=== Problem to solve ===
Extract each line of the material that follows exactly and omit its pictures.

=== Material to process ===
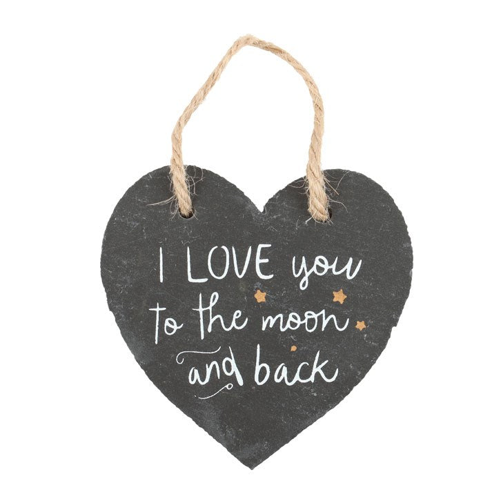 Add a touch of rustic charm to any loving home with this sweet slate heart decoration with timeless 'I love you to the moon and back' text. Designed by Something Different Wholesale.
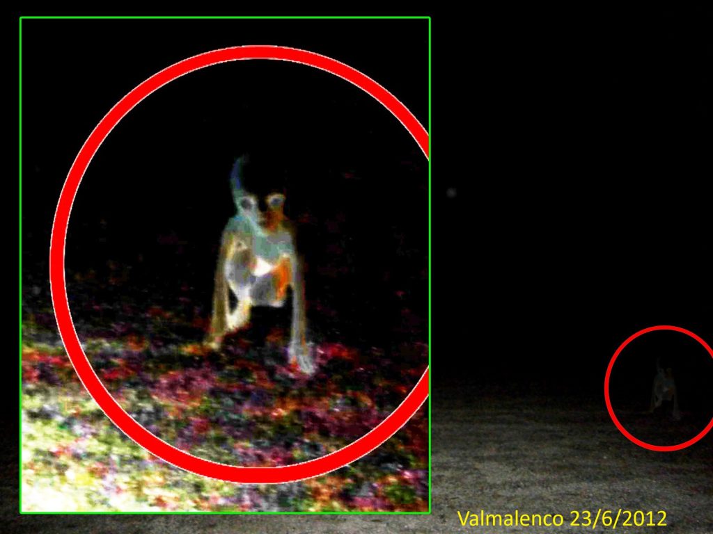 Durante l’illuminazione, un velivolo è chiaramente visibile mentre transita sopra l’area. Lo sconcerto è totale. Gli esseri non umani fuggono rapidamente in una direzione, mentre padre e figlio si allontanano nella direzione opposta. A quel punto decidono di desistere e rientrare in casa.
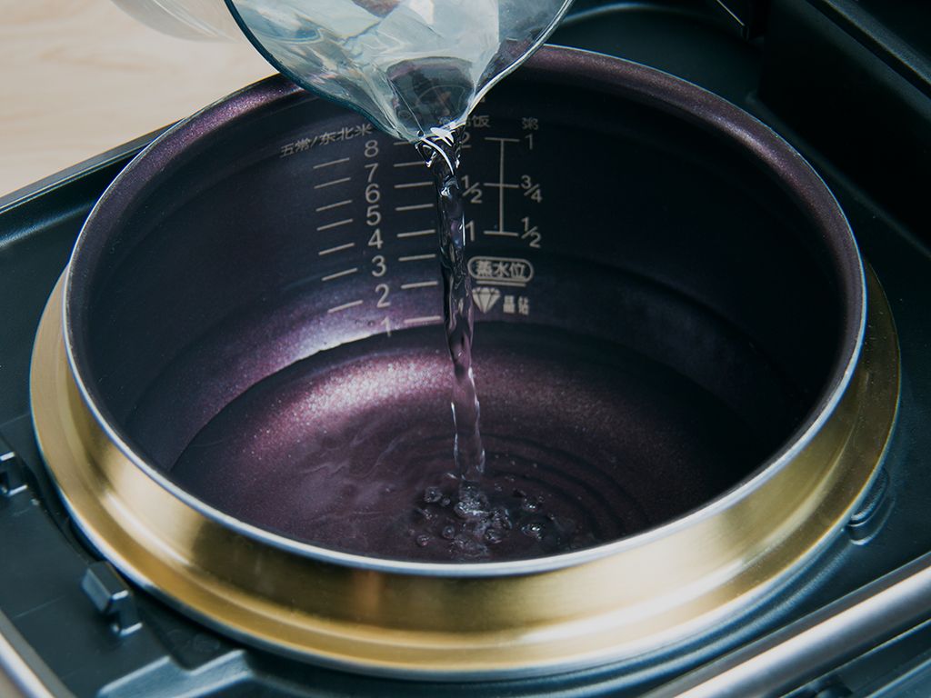 饭煲内锅加入清水至煮饭1刻度水位(约370毫升)。
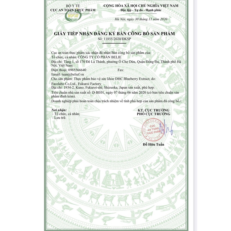 VIÊN UỐNG DHC BỔ MẮT CẢI THIỆN THỊ LỰC BLUEBERRY NHẬT BẢN GÓI 30 NGÀY 1.XUẤT XỨ: Nhật Bản 2.HÃNG SẢN XUẤT: DHC 3.QUY CÁCH ĐÓNG GÓI: Gói 60 viên dùng 30 ngày 4.THÀNH PHẦN: Một trong những "thần dược" dành cho đôi mắt đó là anthocyanin. Đây là một dạng của polyphenol có tác dụng hỗ trợ các hoạt động của mắt và tổng hợp rhodopsin - thành phần không thể thiếu để điều tiết thị giác. Theo khoa học, việt quất là một loại quả vô cùng giàu hàm lượng chất anthocyanin. Chiết xuất việt quất mà DHC sử dụng thuộc chủng loại Bilberry (việt quất đen) - loại việt quất có chứa hàm lượng anthocyanin vô cùng cao trong các chủng loại việt quất. DHC Blueberry Extract có chứa tới 170mg bột chiết xuất việt quất với tỉ lệ 36% anthocyanin. Ngoài ra, viên uống DHC Blueberry Extract còn được pha trộn thêm nhiều dưỡng chất bổ ích khác cho đôi mắt như lutein, carotenoid, vitamin B, α-linolenic, dầu tía tô. Viên uống DHC Blueberry Extract với công thức kết hợp đặc biệt từ các thành phần đa dạng hỗ trợ cho đôi mắt vô cùng phù hợp với những người làm việc văn phòng, thường xuyên lái xe, ôn thi,... Bên cạnh đó là các dưỡng chất khác trong viên uống cũng đều là thành phần bổ mắt. Lutein: Ngăn ngừa sự suy giảm thị lực do tuổi tác, bảo vệ và duy trì sức khỏe của mắt khi tiếp xúc với tia cực tím nhờ khả năng sản sinh enzym hoạt tính. Carotenoid: Giúp ổn định thị lực trong bóng tối. Vitamin B: Giúp duy trì hoạt động của các cơ và dây thần kinh thị giác. 5.CÔNG DỤNG Giảm mỏi mệt cho đôi mắt và hỗ trợ các hoạt động của mắt. Hỗ trợ tổng hợp rhodopsin giúp cho mắt nhìn rõ được trong bóng tối. Bổ sung thêm nhiều dưỡng chất giúp bổ mắt và nâng cao sức khỏe cho đôi mắt. 6.HƯỚNG DẪN SỬ DỤNG: - Cách dùng: Uống 2 viên/ngày. Uống cùng với nước hoặc nước ấm. Có thể dùng sản phẩm vào bất cứ lúc nào. Tuy nhiên, để cơ thể hấp thụ viên uống được tốt nhất thì hãy dùng sau bữa ăn. Tuân theo liều lượng được khuyến nghị mỗi ngày. Ngừng uống khi phát hiện có dấu hiệu bất thường. Không sử dụng nếu bị dị ứng với bất kì thành phần nào của sản phẩm. Trẻ em, phụ nữ có thai, đang cho con bú hoặc người đang chữa bệnh cần hỏi ý kiến bác sĩ trước khi dùng. Bảo quản nơi khô ráo, thoáng mát, tránh ánh nắng mặt trời, nhiệt độ và độ ẩm cao. Để xa tầm tay trẻ em. Đóng gói cẩn thận sau khi dùng và uống ngay sau khi mở gói. - Lưu ý: Sản phẩm này không phải là thuốc và không có tác dụng thay thế thuốc chữa bệnh.
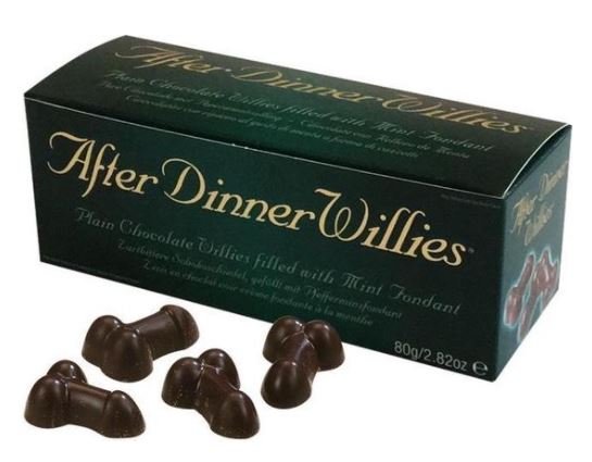 Verras je partner of visite eens met deze willies van chocolade gevuld met mint op een schaaltje. Ook leuk om een dessert mee te versieren als voorbereiding op een spannend vervolg…
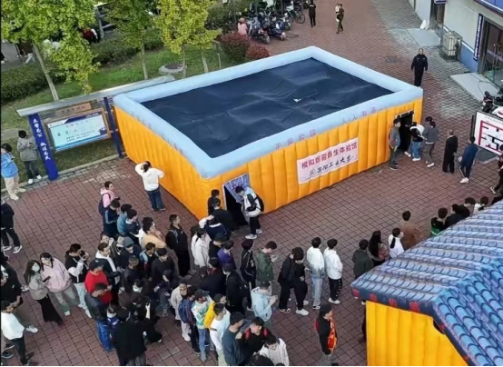 举行的2023年消防宣传月启动仪式暨消防知识宣讲、消防装备展示进校园活动,并参与体验模拟逃生演练。

=== Response to the task ===
 Add a touch of rustic charm to any loving home with this sweet slate heart decoration with timeless 'I love you to the moon and back' text. Designed by Something Different Wholesale.
 Durante l’illuminazione, un velivolo è chiaramente visibile mentre transita sopra l’area. Lo sconcerto è totale. Gli esseri non umani fuggono rapidamente in una direzione, mentre padre e figlio si allontanano nella direzione opposta. A quel punto decidono di desistere e rientrare in casa.
 饭煲内锅加入清水至煮饭1刻度水位(约370毫升)。
 VIÊN UỐNG DHC BỔ MẮT CẢI THIỆN THỊ LỰC BLUEBERRY NHẬT BẢN GÓI 30 NGÀY 1.XUẤT XỨ: Nhật Bản 2.HÃNG SẢN XUẤT: DHC 3.QUY CÁCH ĐÓNG GÓI: Gói 60 viên dùng 30 ngày 4.THÀNH PHẦN: Một trong những "thần dược" dành cho đôi mắt đó là anthocyanin. Đây là một dạng của polyphenol có tác dụng hỗ trợ các hoạt động của mắt và tổng hợp rhodopsin - thành phần không thể thiếu để điều tiết thị giác. Theo khoa học, việt quất là một loại quả vô cùng giàu hàm lượng chất anthocyanin. Chiết xuất việt quất mà DHC sử dụng thuộc chủng loại Bilberry (việt quất đen) - loại việt quất có chứa hàm lượng anthocyanin vô cùng cao trong các chủng loại việt quất. DHC Blueberry Extract có chứa tới 170mg bột chiết xuất việt quất với tỉ lệ 36% anthocyanin. Ngoài ra, viên uống DHC Blueberry Extract còn được pha trộn thêm nhiều dưỡng chất bổ ích khác cho đôi mắt như lutein, carotenoid, vitamin B, α-linolenic, dầu tía tô. Viên uống DHC Blueberry Extract với công thức kết hợp đặc biệt từ các thành phần đa dạng hỗ trợ cho đôi mắt vô cùng phù hợp với những người làm việc văn phòng, thường xuyên lái xe, ôn thi,... Bên cạnh đó là các dưỡng chất khác trong viên uống cũng đều là thành phần bổ mắt. Lutein: Ngăn ngừa sự suy giảm thị lực do tuổi tác, bảo vệ và duy trì sức khỏe của mắt khi tiếp xúc với tia cực tím nhờ khả năng sản sinh enzym hoạt tính. Carotenoid: Giúp ổn định thị lực trong bóng tối. Vitamin B: Giúp duy trì hoạt động của các cơ và dây thần kinh thị giác. 5.CÔNG DỤNG Giảm mỏi mệt cho đôi mắt và hỗ trợ các hoạt động của mắt. Hỗ trợ tổng hợp rhodopsin giúp cho mắt nhìn rõ được trong bóng tối. Bổ sung thêm nhiều dưỡng chất giúp bổ mắt và nâng cao sức khỏe cho đôi mắt. 6.HƯỚNG DẪN SỬ DỤNG: - Cách dùng: Uống 2 viên/ngày. Uống cùng với nước hoặc nước ấm. Có thể dùng sản phẩm vào bất cứ lúc nào. Tuy nhiên, để cơ thể hấp thụ viên uống được tốt nhất thì hãy dùng sau bữa ăn. Tuân theo liều lượng được khuyến nghị mỗi ngày. Ngừng uống khi phát hiện có dấu hiệu bất thường. Không sử dụng nếu bị dị ứng với bất kì thành phần nào của sản phẩm. Trẻ em, phụ nữ có thai, đang cho con bú hoặc người đang chữa bệnh cần hỏi ý kiến bác sĩ trước khi dùng. Bảo quản nơi khô ráo, thoáng mát, tránh ánh nắng mặt trời, nhiệt độ và độ ẩm cao. Để xa tầm tay trẻ em. Đóng gói cẩn thận sau khi dùng và uống ngay sau khi mở gói. - Lưu ý: Sản phẩm này không phải là thuốc và không có tác dụng thay thế thuốc chữa bệnh.
 Verras je partner of visite eens met deze willies van chocolade gevuld met mint op een schaaltje. Ook leuk om een dessert mee te versieren als voorbereiding op een spannend vervolg…
 举行的2023年消防宣传月启动仪式暨消防知识宣讲、消防装备展示进校园活动,并参与体验模拟逃生演练。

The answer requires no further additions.